Um Lugar Escuro foi uma surpresa agradável. Leonardo tem uma escrita contagiante e é muito bom em prender a atenção do leitor para a história. Neste livro, ele conta a história de um homem feio, não qualquer feio, e sim "de doer" e que, por isso mesmo, sofre bullying desde quando era pequeno. Atualmente é um homem de coração bom, que foi levado a ter um pensamento não aceitável que o faz considerar, por exemplo, matar alguém. "Assim estaria fazendo alguma mudança", é a desculpa e justificativa dele.
Uma crítica à sociedade e seus valores, Leonardo transborda em todos os sentidos. Não que isso seja exatamente ruim, na verdade, é um jeito bem positivo para se criticar valores impregnados em nossa sociedade: aumentando-os é possível ver bem suas consequências internas, psicológicas e externas, nas ações. É exatamente nisso que está o encanto do livro, que permanece em cima de uma linha pequena, equilibrado. O problema de exagerar é se tornar clichê e/ou chato. No caso, o exagero não se tornou um problema. Entretanto, em alguns momentos, fica levemente forçoso.
"Essa mesma sociedade que me critica pelas mortes que causei, não critica as pessoas que me mataram. Olhe para mim, eu não sou mais nada, estou destruído pela sociedade e seu comportamento para com pessoas como eu."

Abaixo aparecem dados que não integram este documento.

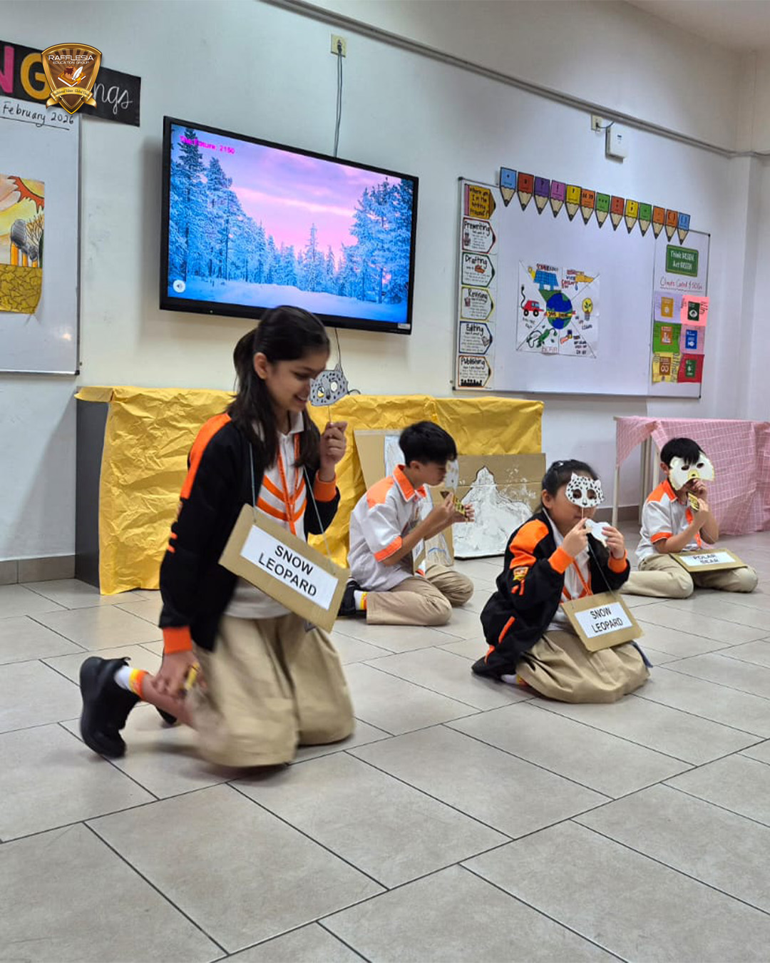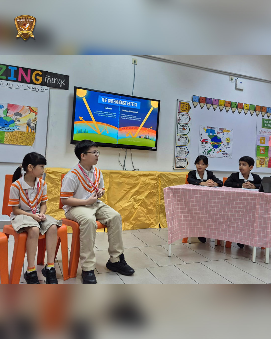 Year 5 students hosted a fun talk show, interviewing “climate experts” on fossil fuels, renewable energy, global warming, endangered animals, the Sustainable Development Goals, and climate action.
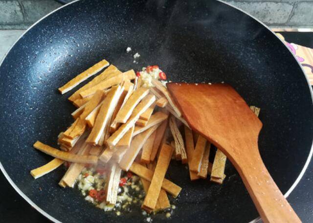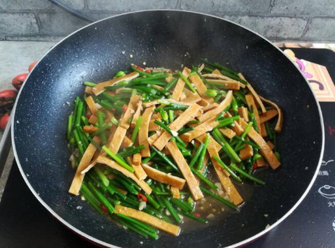 用料:韭菜花一小把、五香豆腐干3块、蒜米2瓣、辣椒2个、生抽适量、食用油10克、盐2克。
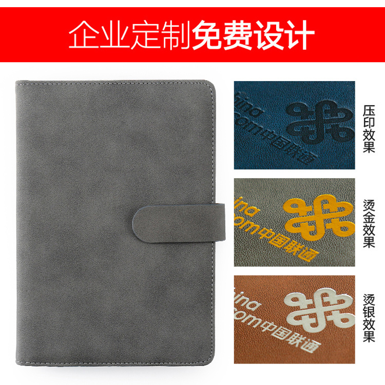 Gray-224 page A5 imitation cow stereo buckle G15# plastic pen 4 hard dark gold box

Muito bem desenvolvido, conhecemos o personagem desde sua infância, já que suas memórias – e vivências – o cercam e são as principais responsáveis por fazer dele quem ele é. A frase "o homem é o resultado do meio" não poderia ser melhor empregada senão neste livro. Por isso o personagem, por mais que cometa crimes um tanto absurdos e de formas tão cruéis, é justificado em si mesmo. Ele não é só mais um louco qualquer, nem é louco por conta de drogas. Não. Ele já foi bom, ele teve um coração (e, nota-se, ainda tem) bondoso. Sua visão que foi distorcida. Por quem?
Seus pensamentos e sentimentos – da personagem – estão tão presos um no outro, tão juntos, que não resta saída a não ser viver em meio a desejos absurdos, insatisfação pessoal e com o meio no qual vive, fazendo uso de várias estatísticas para provar o quão errado algo é. Ele é feio, e por isso as pessoas lhe tiraram valor. Não o conheceram antes de se afastar, julgaram pela cor, pela aparência e o transformaram em um tipo de pessoa que qualquer um teme ao mesmo tempo em que quer ajudar, fazer algo para mudar o que, aparentemente, não poderia ser mudado.

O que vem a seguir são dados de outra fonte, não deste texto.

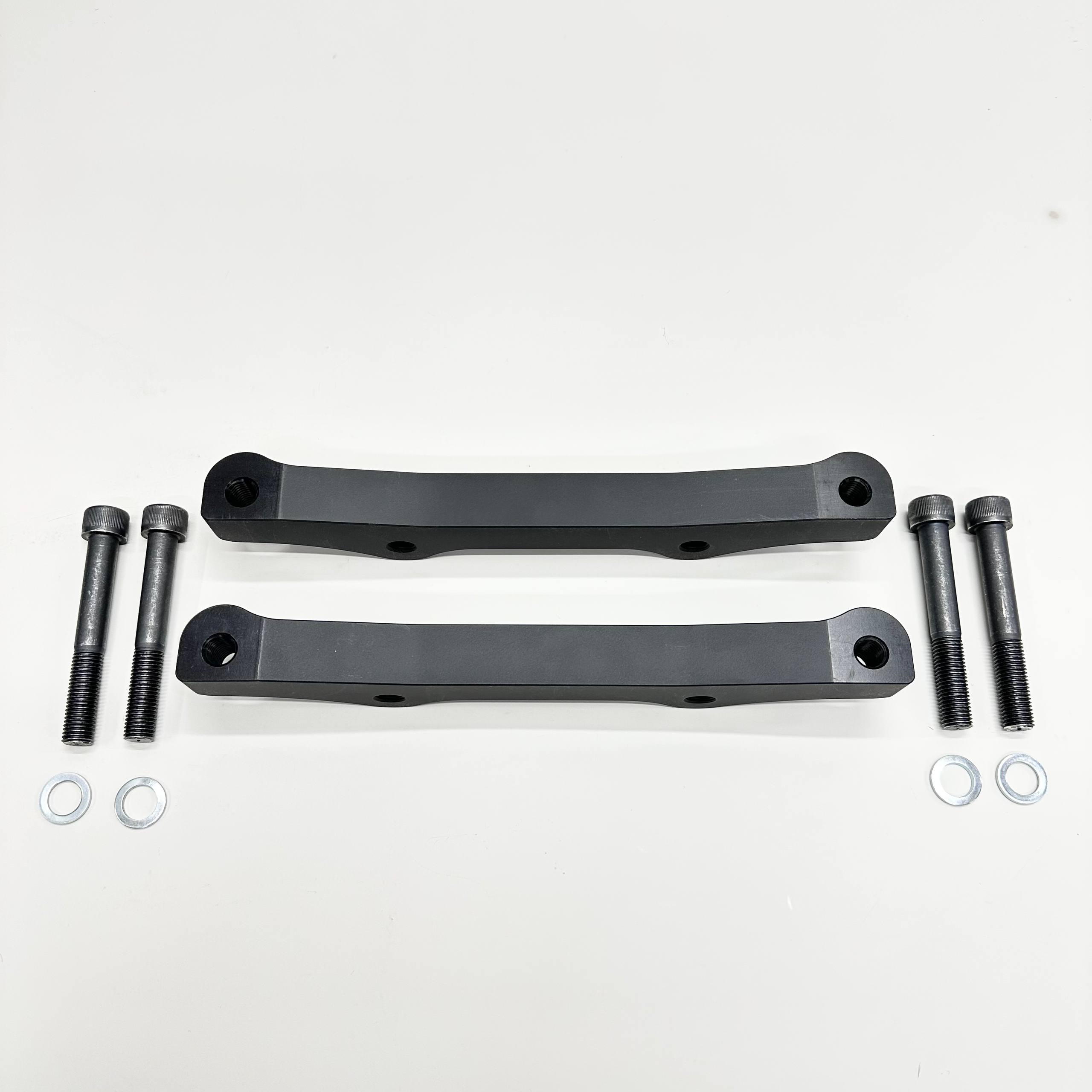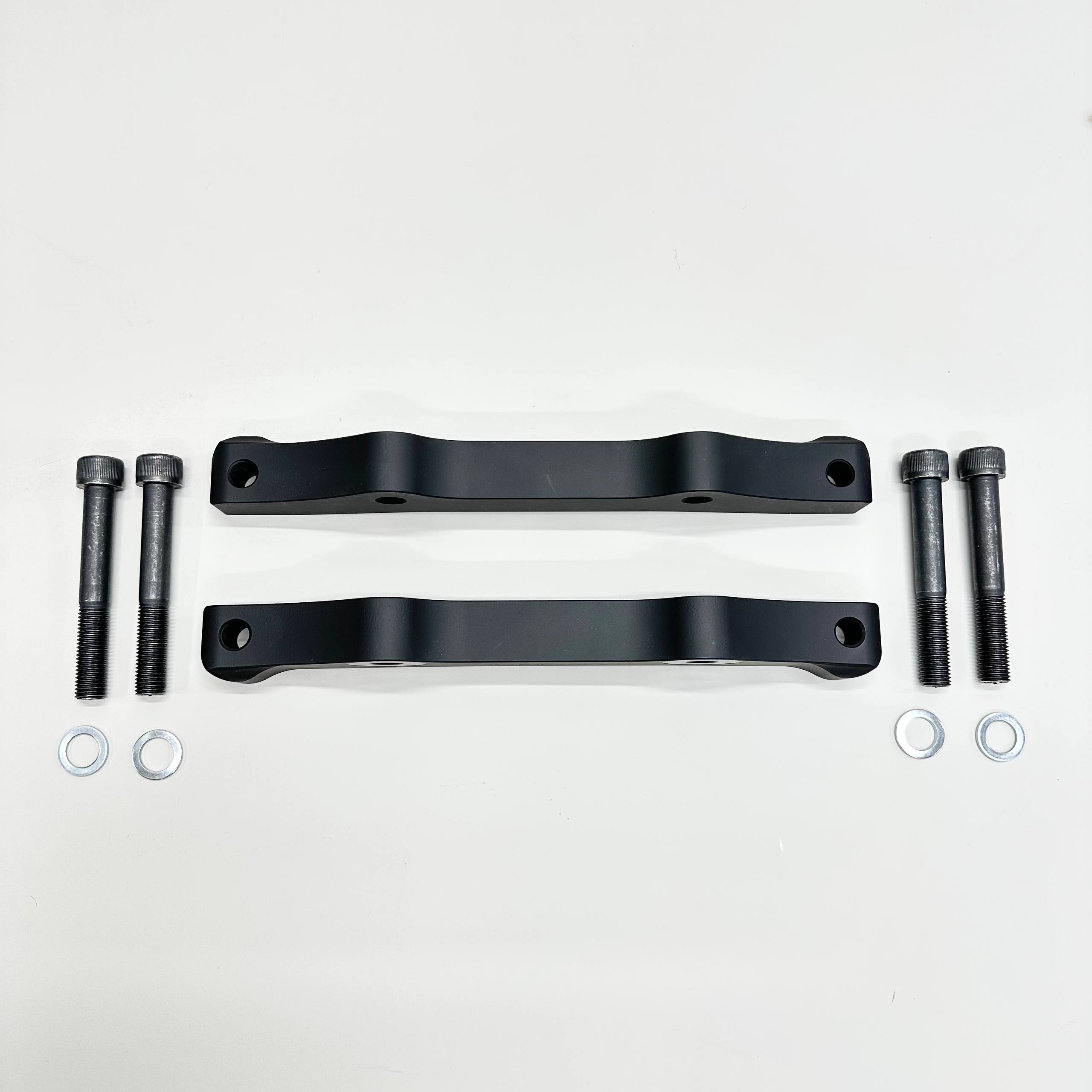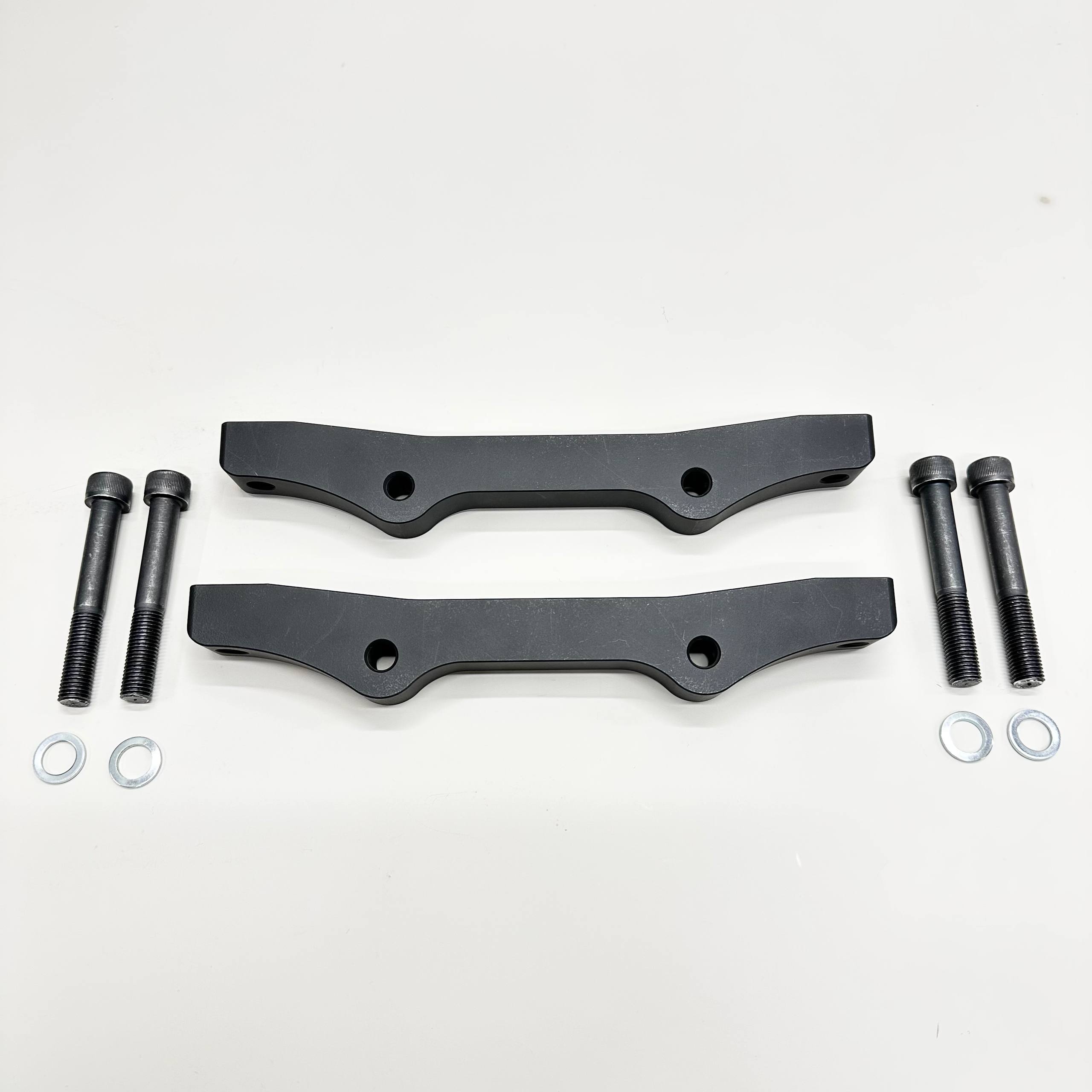 Each adapter is precision-machined from high-strength duralumin and finished with a durable anodized oxide coating for corrosion resistance and long service life. The kit includes mounting hardware with spacers, ensuring accurate caliper alignment and a secure installation.

Explorando o Brasil, o Rio de Janeiro, a diferença entre as classes sociais, os diversos meios onde uma pessoa pode ser criada, Zegur cria um incrível livro que tem muito de positivo, juntando tais elementos, interligando-os de uma forma original e tornando viável a aproximação do leitor com o personagem cujo nome, por sinal, qual é?